Conducting Institutions:
Dana-Farber Cancer Institute, Children's Hospital Boston
Overall PI:
Suzanne Shusterman, MD,
Dana-Farber Cancer Institute
Site-responsible Investigators:
Contacts:
Dana-Farber Cancer Institute:
Childrens Hospital Pediatric Clinical Translation Investigation Program CTIP,
ctip@partners.orgEligibility Criteria
Inclusion Criteria:
1. Ability to swallow capsules
2. Body surface area (BSA): Subjects must have a body surface area ≥ 0.45 m2 at the time
of the study enrollment
3. Disease status: Subjects must have measurable or evaluable disease, by RECIST v1.1 ±
Curie Scale Criteria
4. Tumor type:
Part A: Relapsed or refractory extracranial solid tumors Part B: Relapsed or
refractory primary CNS tumors Part C: Relapsed or refractory neuroblastoma Part D:
Relapsed or refractory non-neuroblastoma, extracranial solid tumors with NTRK1/2/3,
ROS1, or ALK gene rearrangements documented by a CLIA-approved lab prior to
enrollment
5. Histologic/molecular diagnosis of malignancy at diagnosis or the time of relapse
6. Archival tumor tissue from diagnosis or, preferably, at relapse
7. Age: Male or female age ≥ 2 years and < 22 years
8. Performance status: Lansky or Karnofsky score ≥ 60%
9. Patient's cancer must have relapsed after or failed to respond to frontline curative
therapy or there must not be other potentially curative treatment options available
10. Adequate organ and neurologic function
11. Females of child bearing potential must have a negative serum pregnancy test within
14 days prior to entrectinib dosing
Exclusion Criteria:
1. Receiving other experimental therapy
2. Known congenital long QT syndrome
3. Known active infections
4. Receiving Enzyme Inducing Antiepileptic Drugs (EIAEDs) within 14 days of first dose.
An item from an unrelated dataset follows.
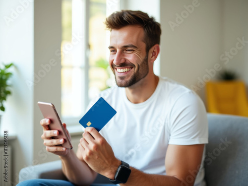 A cheerful man with a smartphone and credit card in hand, radiating satisfaction in a bright, modern, welcoming space.

5. Incomplete recovery from acute effects of any surgery prior to treatment.
6. Active gastrointestinal disease or other malabsorption syndromes that would impact
drug absorption.
7. Other severe acute or chronic medical or psychiatric condition or lab abnormality
that may increase the risk associated with study participation, drug administration
or may interfere with the interpretation of study results.